• **WORK TO BE COMPLETED**: Each record that follows is to be transcribed exactly, excluding its images.

Entries taken from a collection:
:::::
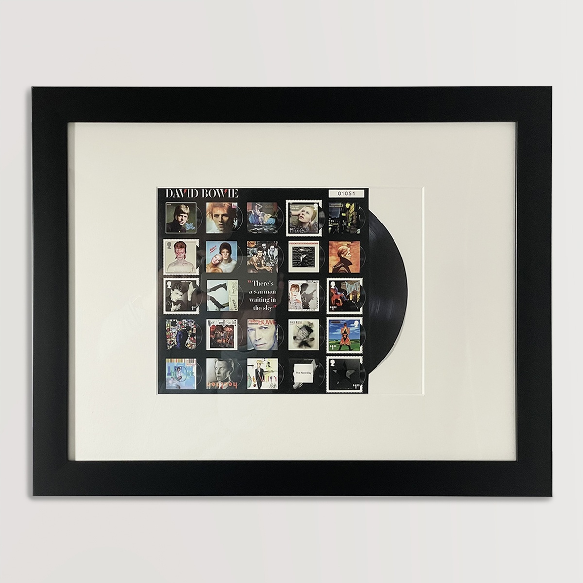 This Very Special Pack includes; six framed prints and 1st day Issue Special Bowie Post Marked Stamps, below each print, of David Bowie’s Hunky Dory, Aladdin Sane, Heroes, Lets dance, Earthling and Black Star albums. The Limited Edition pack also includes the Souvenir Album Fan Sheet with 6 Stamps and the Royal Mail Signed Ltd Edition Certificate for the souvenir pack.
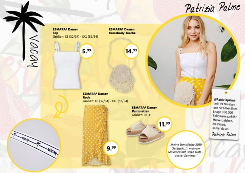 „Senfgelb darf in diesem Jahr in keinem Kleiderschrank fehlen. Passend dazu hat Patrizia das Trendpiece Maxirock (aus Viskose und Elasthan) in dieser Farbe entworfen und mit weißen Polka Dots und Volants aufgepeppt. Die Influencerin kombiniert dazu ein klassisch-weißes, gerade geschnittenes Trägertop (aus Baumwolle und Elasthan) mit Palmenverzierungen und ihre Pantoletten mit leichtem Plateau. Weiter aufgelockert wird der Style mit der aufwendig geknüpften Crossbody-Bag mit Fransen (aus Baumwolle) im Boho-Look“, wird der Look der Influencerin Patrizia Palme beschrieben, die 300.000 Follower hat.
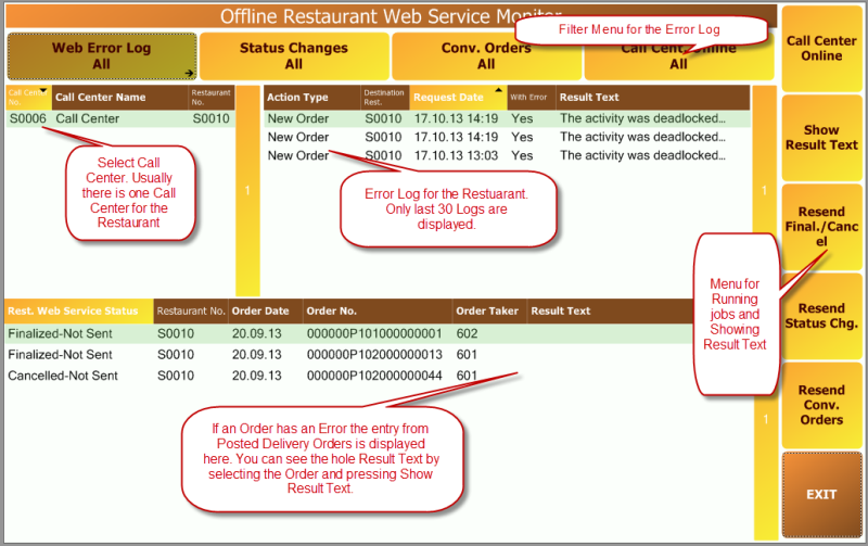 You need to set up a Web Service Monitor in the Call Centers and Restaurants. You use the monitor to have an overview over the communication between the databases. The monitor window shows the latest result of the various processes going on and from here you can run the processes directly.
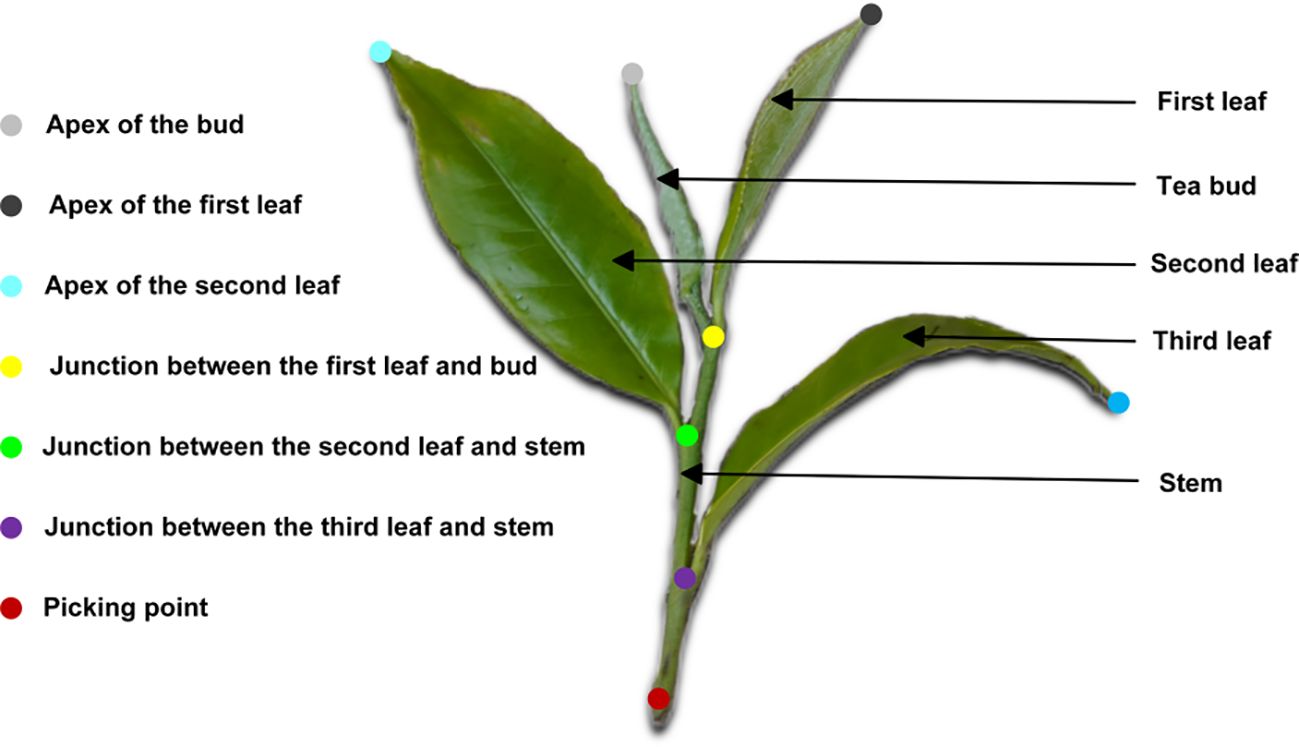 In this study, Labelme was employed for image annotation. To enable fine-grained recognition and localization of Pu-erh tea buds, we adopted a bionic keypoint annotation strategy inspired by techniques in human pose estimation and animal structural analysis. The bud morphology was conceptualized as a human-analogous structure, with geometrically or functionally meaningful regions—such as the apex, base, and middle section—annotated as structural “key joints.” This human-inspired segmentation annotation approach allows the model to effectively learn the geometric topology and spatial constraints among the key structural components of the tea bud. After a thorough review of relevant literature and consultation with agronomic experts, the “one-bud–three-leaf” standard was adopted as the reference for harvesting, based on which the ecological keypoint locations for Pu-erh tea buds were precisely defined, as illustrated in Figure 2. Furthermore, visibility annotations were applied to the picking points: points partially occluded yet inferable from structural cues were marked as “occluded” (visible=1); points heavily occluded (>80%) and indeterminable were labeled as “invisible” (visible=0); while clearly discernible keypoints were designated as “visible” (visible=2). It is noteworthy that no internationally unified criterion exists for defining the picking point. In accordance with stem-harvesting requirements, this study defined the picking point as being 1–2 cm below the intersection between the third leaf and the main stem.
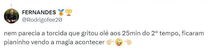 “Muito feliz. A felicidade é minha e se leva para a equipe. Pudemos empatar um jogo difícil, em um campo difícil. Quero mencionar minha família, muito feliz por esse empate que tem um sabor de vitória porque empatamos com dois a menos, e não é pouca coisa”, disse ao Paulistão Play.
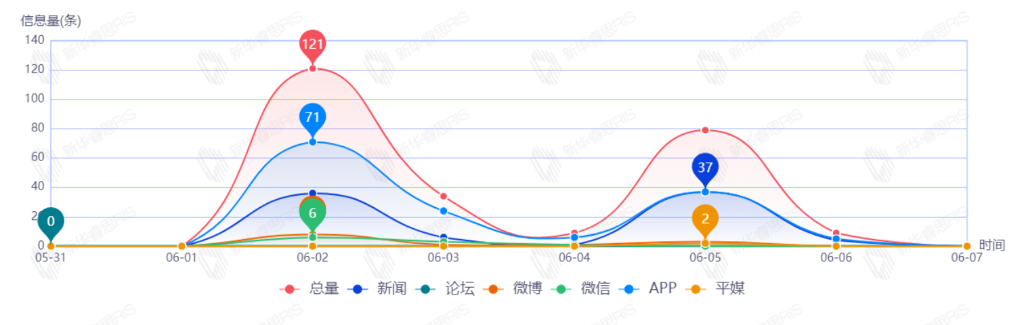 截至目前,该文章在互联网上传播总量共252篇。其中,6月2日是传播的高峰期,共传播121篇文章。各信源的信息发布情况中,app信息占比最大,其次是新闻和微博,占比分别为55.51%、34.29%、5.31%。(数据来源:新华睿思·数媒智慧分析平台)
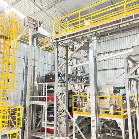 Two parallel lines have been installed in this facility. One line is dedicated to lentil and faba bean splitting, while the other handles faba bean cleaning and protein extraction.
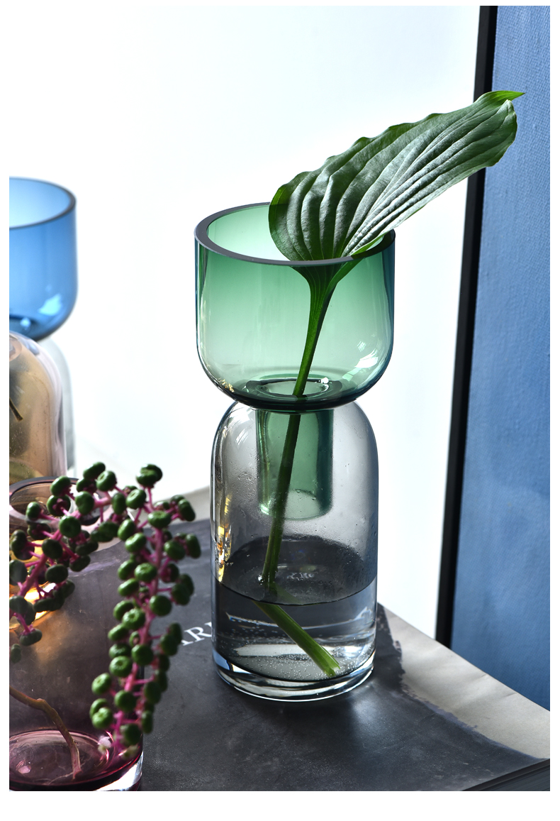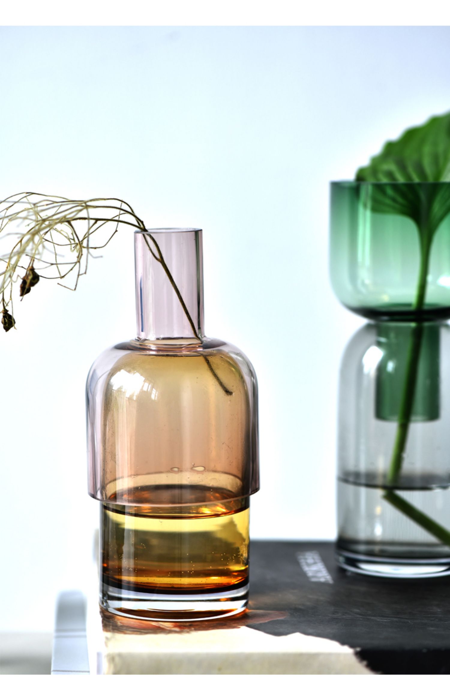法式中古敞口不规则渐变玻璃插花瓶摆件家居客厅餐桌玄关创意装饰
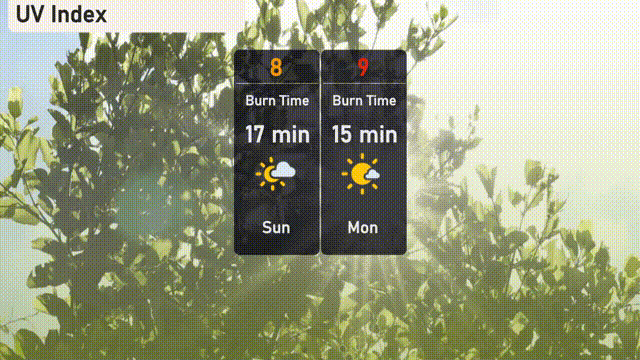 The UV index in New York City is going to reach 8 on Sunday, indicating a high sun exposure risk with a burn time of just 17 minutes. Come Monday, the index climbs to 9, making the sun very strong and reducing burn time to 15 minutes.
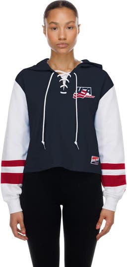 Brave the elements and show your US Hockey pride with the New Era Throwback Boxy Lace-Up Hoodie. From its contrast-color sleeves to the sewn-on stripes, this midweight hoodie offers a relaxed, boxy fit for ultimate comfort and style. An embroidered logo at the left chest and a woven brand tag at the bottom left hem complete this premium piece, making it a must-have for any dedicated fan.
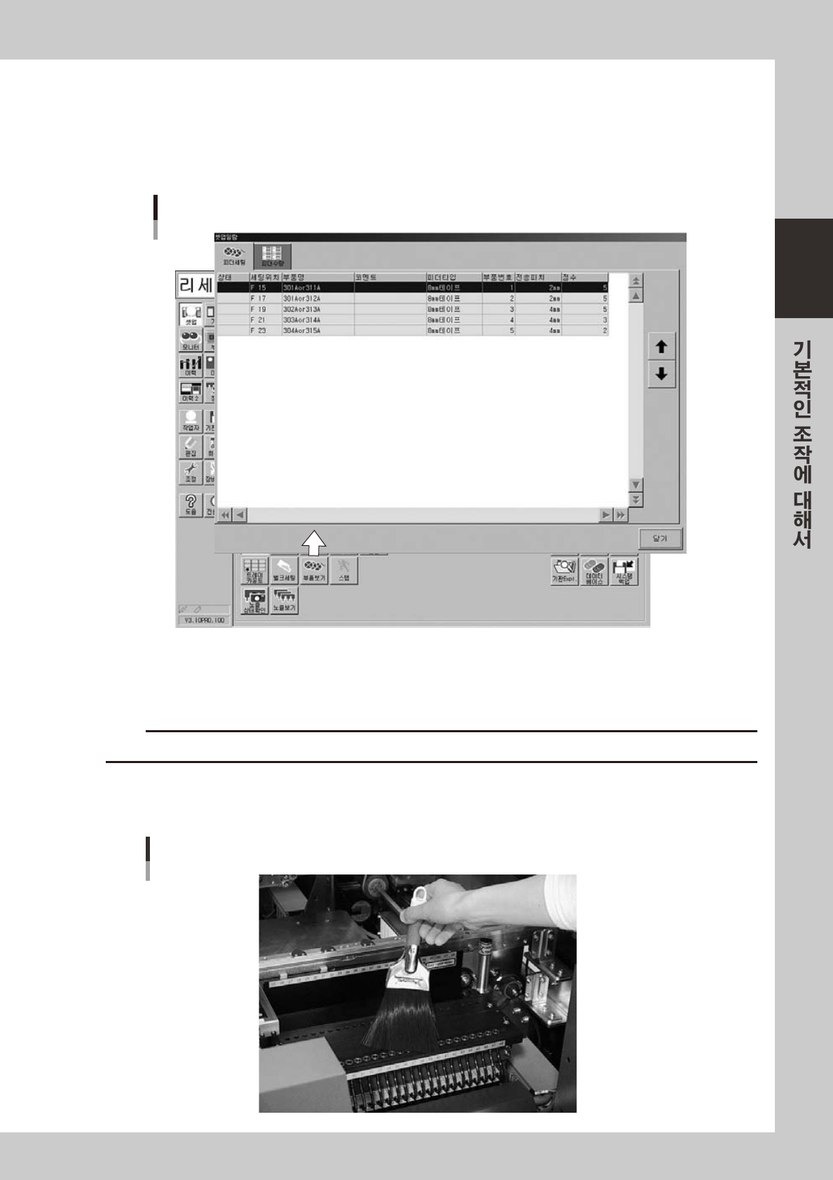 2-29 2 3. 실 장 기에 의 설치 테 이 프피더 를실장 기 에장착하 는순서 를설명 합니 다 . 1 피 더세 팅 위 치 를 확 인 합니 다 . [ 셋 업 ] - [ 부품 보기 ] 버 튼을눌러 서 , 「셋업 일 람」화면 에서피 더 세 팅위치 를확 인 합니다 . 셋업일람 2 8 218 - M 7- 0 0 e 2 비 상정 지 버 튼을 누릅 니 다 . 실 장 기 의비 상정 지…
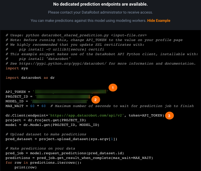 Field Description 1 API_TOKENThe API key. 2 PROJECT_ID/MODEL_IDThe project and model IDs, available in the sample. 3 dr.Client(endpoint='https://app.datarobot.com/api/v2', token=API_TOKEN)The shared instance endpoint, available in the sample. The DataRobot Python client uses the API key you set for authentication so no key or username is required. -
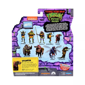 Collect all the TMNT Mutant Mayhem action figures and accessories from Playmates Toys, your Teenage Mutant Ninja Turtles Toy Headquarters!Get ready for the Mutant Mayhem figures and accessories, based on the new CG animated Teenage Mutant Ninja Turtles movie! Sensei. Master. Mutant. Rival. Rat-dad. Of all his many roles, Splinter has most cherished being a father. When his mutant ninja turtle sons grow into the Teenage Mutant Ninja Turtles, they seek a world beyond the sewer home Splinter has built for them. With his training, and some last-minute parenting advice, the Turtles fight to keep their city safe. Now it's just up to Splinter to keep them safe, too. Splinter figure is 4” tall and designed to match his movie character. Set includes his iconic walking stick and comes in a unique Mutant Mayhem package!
:::::
• **RESULT BELOW**:
 This Very Special Pack includes; six framed prints and 1st day Issue Special Bowie Post Marked Stamps, below each print, of David Bowie’s Hunky Dory, Aladdin Sane, Heroes, Lets dance, Earthling and Black Star albums. The Limited Edition pack also includes the Souvenir Album Fan Sheet with 6 Stamps and the Royal Mail Signed Ltd Edition Certificate for the souvenir pack.
 „Senfgelb darf in diesem Jahr in keinem Kleiderschrank fehlen. Passend dazu hat Patrizia das Trendpiece Maxirock (aus Viskose und Elasthan) in dieser Farbe entworfen und mit weißen Polka Dots und Volants aufgepeppt. Die Influencerin kombiniert dazu ein klassisch-weißes, gerade geschnittenes Trägertop (aus Baumwolle und Elasthan) mit Palmenverzierungen und ihre Pantoletten mit leichtem Plateau. Weiter aufgelockert wird der Style mit der aufwendig geknüpften Crossbody-Bag mit Fransen (aus Baumwolle) im Boho-Look“, wird der Look der Influencerin Patrizia Palme beschrieben, die 300.000 Follower hat.
 You need to set up a Web Service Monitor in the Call Centers and Restaurants. You use the monitor to have an overview over the communication between the databases. The monitor window shows the latest result of the various processes going on and from here you can run the processes directly.
 In this study, Labelme was employed for image annotation. To enable fine-grained recognition and localization of Pu-erh tea buds, we adopted a bionic keypoint annotation strategy inspired by techniques in human pose estimation and animal structural analysis. The bud morphology was conceptualized as a human-analogous structure, with geometrically or functionally meaningful regions—such as the apex, base, and middle section—annotated as structural “key joints.” This human-inspired segmentation annotation approach allows the model to effectively learn the geometric topology and spatial constraints among the key structural components of the tea bud. After a thorough review of relevant literature and consultation with agronomic experts, the “one-bud–three-leaf” standard was adopted as the reference for harvesting, based on which the ecological keypoint locations for Pu-erh tea buds were precisely defined, as illustrated in Figure 2. Furthermore, visibility annotations were applied to the picking points: points partially occluded yet inferable from structural cues were marked as “occluded” (visible=1); points heavily occluded (>80%) and indeterminable were labeled as “invisible” (visible=0); while clearly discernible keypoints were designated as “visible” (visible=2). It is noteworthy that no internationally unified criterion exists for defining the picking point. In accordance with stem-harvesting requirements, this study defined the picking point as being 1–2 cm below the intersection between the third leaf and the main stem.
 “Muito feliz. A felicidade é minha e se leva para a equipe. Pudemos empatar um jogo difícil, em um campo difícil. Quero mencionar minha família, muito feliz por esse empate que tem um sabor de vitória porque empatamos com dois a menos, e não é pouca coisa”, disse ao Paulistão Play.
 截至目前,该文章在互联网上传播总量共252篇。其中,6月2日是传播的高峰期,共传播121篇文章。各信源的信息发布情况中,app信息占比最大,其次是新闻和微博,占比分别为55.51%、34.29%、5.31%。(数据来源:新华睿思·数媒智慧分析平台)
 Two parallel lines have been installed in this facility. One line is dedicated to lentil and faba bean splitting, while the other handles faba bean cleaning and protein extraction.
法式中古敞口不规则渐变玻璃插花瓶摆件家居客厅餐桌玄关创意装饰
 The UV index in New York City is going to reach 8 on Sunday, indicating a high sun exposure risk with a burn time of just 17 minutes. Come Monday, the index climbs to 9, making the sun very strong and reducing burn time to 15 minutes.
 Brave the elements and show your US Hockey pride with the New Era Throwback Boxy Lace-Up Hoodie. From its contrast-color sleeves to the sewn-on stripes, this midweight hoodie offers a relaxed, boxy fit for ultimate comfort and style. An embroidered logo at the left chest and a woven brand tag at the bottom left hem complete this premium piece, making it a must-have for any dedicated fan.
 2-29 2 3. 실 장 기에 의 설치 테 이 프피더 를실장 기 에장착하 는순서 를설명 합니 다 . 1 피 더세 팅 위 치 를 확 인 합니 다 . [ 셋 업 ] - [ 부품 보기 ] 버 튼을눌러 서 , 「셋업 일 람」화면 에서피 더 세 팅위치 를확 인 합니다 . 셋업일람 2 8 218 - M 7- 0 0 e 2 비 상정 지 버 튼을 누릅 니 다 . 실 장 기 의비 상정 지…
 Field Description 1 API_TOKENThe API key. 2 PROJECT_ID/MODEL_IDThe project and model IDs, available in the sample. 3 dr.Client(endpoint='https://app.datarobot.com/api/v2', token=API_TOKEN)The shared instance endpoint, available in the sample. The DataRobot Python client uses the API key you set for authentication so no key or username is required. -
 Collect all the TMNT Mutant Mayhem action figures and accessories from Playmates Toys, your Teenage Mutant Ninja Turtles Toy Headquarters!Get ready for the Mutant Mayhem figures and accessories, based on the new CG animated Teenage Mutant Ninja Turtles movie! Sensei. Master. Mutant. Rival. Rat-dad. Of all his many roles, Splinter has most cherished being a father. When his mutant ninja turtle sons grow into the Teenage Mutant Ninja Turtles, they seek a world beyond the sewer home Splinter has built for them. With his training, and some last-minute parenting advice, the Turtles fight to keep their city safe. Now it's just up to Splinter to keep them safe, too. Splinter figure is 4” tall and designed to match his movie character. Set includes his iconic walking stick and comes in a unique Mutant Mayhem package!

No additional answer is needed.